How Does One Age Group Generate Nearly Three Million Income Sources?
People aged 40-44 are collecting 2.9 million taxable incomes. That's eight income sources for every person in that age bracket. The answer reveals how modern Kiwi workers actually make their money.
Key Figures
Here's a question that sounds impossible: how do roughly 350,000 New Zealanders aged 40-44 generate 2.9 million separate taxable income sources?
The maths seems broken. That's more than eight income sources per person. Nobody has eight jobs.
But the data is real, and the answer tells you everything about how New Zealanders actually earn their living in 2024. (Source: Stats NZ, taxable-income-sources)
Start with the obvious: your salary is one income source. If you freelance on weekends, that's two. Rental property? Three. KiwiSaver employer contribution? Four. You're already at four without breaking a sweat.
Now add the things people forget count as taxable income. That side hustle you run through an online platform. The director's fee from sitting on a community board. Interest from your savings account. Dividends from shares you bought years ago. ACC payments if you got injured. A small inheritance that generates returns.
Suddenly eight doesn't seem so strange. It seems normal for anyone in their early forties who's had two decades to accumulate income-generating assets and side arrangements.
The trend tells the real story. Back in 2020, this age group had 2.6 million income sources. By 2024, it hit 2.9 million. That's 318,000 new income sources in four years.
Some of that is population growth. More 40-somethings means more incomes. But the growth rate outpaces population. People aren't just earning more money. They're earning it from more places.
This is what financial diversification looks like at scale. It's not wealthy people with investment portfolios. It's ordinary Kiwis who've reached the stage of life where they own a home that's gone up in value, have maybe kept a rental after upgrading, do some consulting work alongside their main job, and have a KiwiSaver balance that's finally worth something.
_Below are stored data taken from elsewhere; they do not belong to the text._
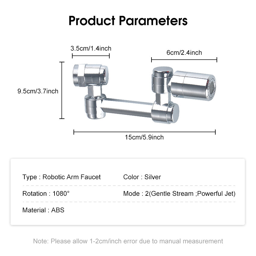JvGood Faucet Tap Kitchen 1080° Rotatable Water Tap Extension Splash-proof Faucet Mechanical Arm Faucet Water Nozzle Faucet Adaptor Kitchen Tap with 2 Water Outlet Modes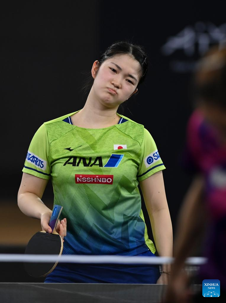 Kihara Miyuu of Japan reacts during the women's singles round of 32 match against Liu Hsing-Yin of Chinese Taipei at World Table Tennis Championships (WTTC) Asian Continental Stage in Doha, Qatar, Jan. 10, 2023. (Photo by Nikku/Xinhua)
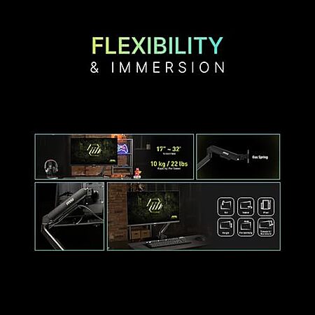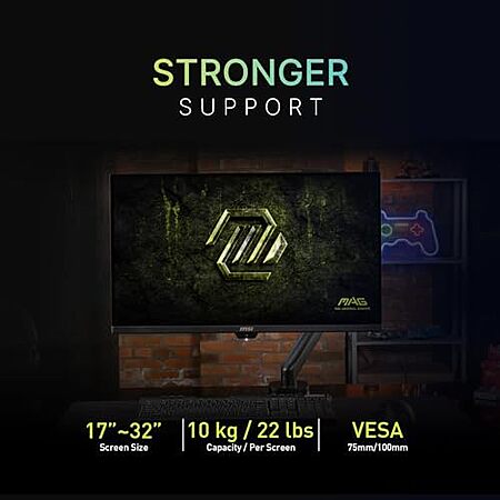Model: MSI MAG MT101G - Gas Spring Single Monitor Stand Arm, Supports 17-32" and 22 lbs, VESA Compatible, Adjustable Gas Spring Mount, Clamp & Grommet, Quick Release Plate – Black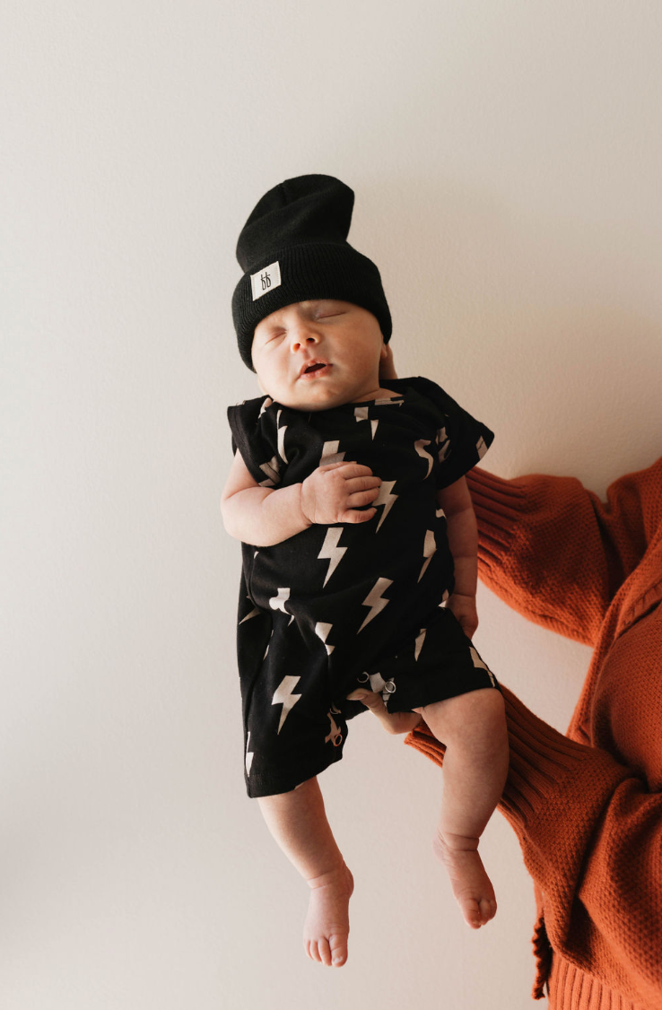 Light up your little one's wardrobe with our Black & Tan Lightning Bolt T-Shirt Romper! Featuring a bold lightning bolt design on a black background, this romper is perfect for babies aged 0-24 months. Plus, with convenient snaps for easy diaper changes, it's both stylish and practical. Add a spark of energy to your baby's outfit today!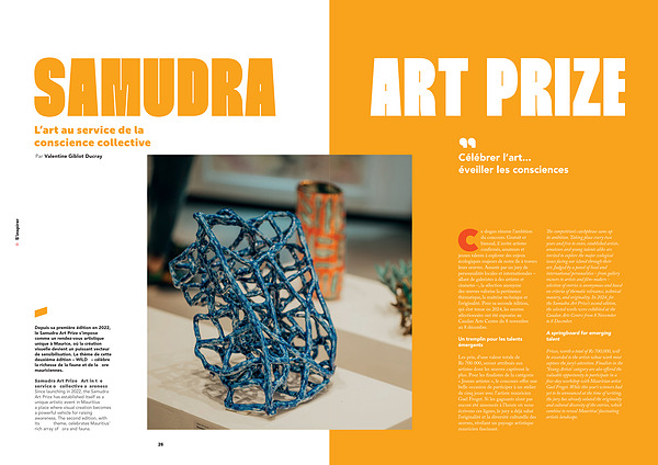 The competition ’ s catchphrase sums up its ambition . Taking place every two years and free to enter , established artists , amateurs and young talents alike are invited to explore the major ecological issues facing our island through their art . Judged by a panel of local and international personalities - from gallery owners to artists and film-makers - selection of entries is anonymous and based on criteria of thematic relevance , technical mastery , and originality . In 2024 , for the Samudra Art Prize ’ s second edition , the selected works were exhibited at the Caudan Arts Centre from 8 November to 8 December .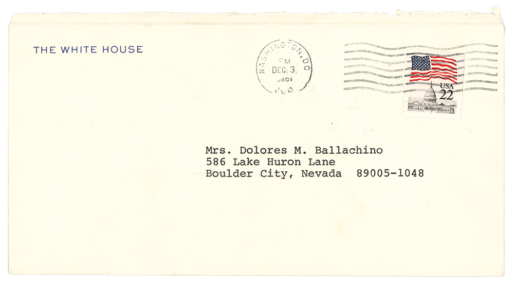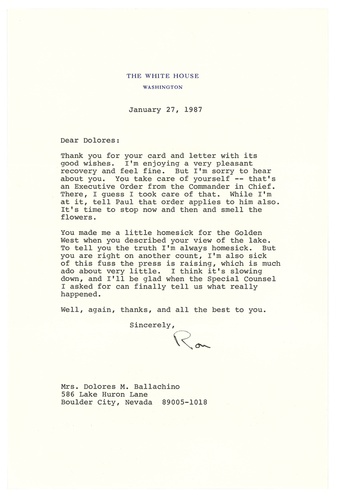 TLS as president signed “Ron,” one page, 7 x 10.5, White House letterhead, January 27, 1987. Letter to Dolores M. Ballachino, written on the day that he delivered his sixth State of the Union address. In part: "I'm enjoying a very pleasant recovery and feel fine. But I'm sorry to hear about you. You take care of yourself—that's an Executive Order from the Commander in Chief. There, I guess I took care of that. While I'm at it, tell Paul that order applies to him also. It's time to stop now and then smell the flowers. You made me a little homesick for the Golden West when you described your view of the lake. To tell you the truth I'm always homesick. But you are right on another count, I'm also sick of this fuss the press is raising, which is much ado about very little. I think it's slowing down, and I'll be glad when the Special Counsel I asked for can finally tell us what really happened." In fine condition. Accompanied by the original mailing envelope.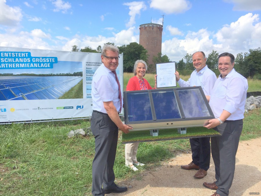 SWLB-Geschäftsführer Bodo Skaletz, Kornwestheims Oberbürgermeisterin Ursula Keck, Ludwigsburgs Oberbürgermeister Werner Spec und SWLB-Geschäftsführer Christian Schneider (im Foto von links) freuen sich über den Baubeginn. Zumal die Zahlen ihres Projekts für die Solarthermie in Deutschland beeindruckend sind: Neun Megawatt wird die Solarthermieanlage an Leistung liefern. 5.500 Megawattstunden Wärme wird sie pro Jahr erzeugen und damit 3.700 Tonnen Kohlendioxid vermeiden. 300 Durchschnittshaushalte lassen sich mit der umweltfreundlichen Energie versorgen. Das Projekt wird 15 Millionen Euro kosten. Zwei Drittel davon steuert der Bund als Förderung bei.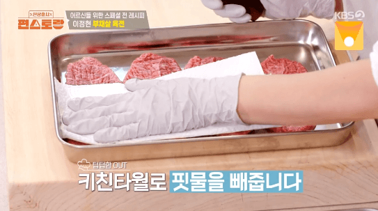 3. 키친타월로 고기의 핏물을 제거합니다.

The 40-44 bracket sits at a pivot point. Young enough to work full-time. Old enough to have accumulated assets. Experienced enough to command freelance rates. Established enough to have equity they can leverage.
Every additional income source is a small hedge against uncertainty. If one dries up, seven others keep running. It's not wealth. It's resilience.
And it raises an uncomfortable question: what happens to the generations behind them? Will today's 30-year-olds reach their forties with the same range of income sources, or has that ladder been pulled up? When housing is unaffordable and wages buy less, do you end up with fewer backup options, not more?
The data doesn't answer that. But it shows what middle-aged financial security looks like in 2024: not one good job, but eight different ways to keep the money coming in.
This story was generated by AI from publicly available government data. Verify figures from the original source before citing.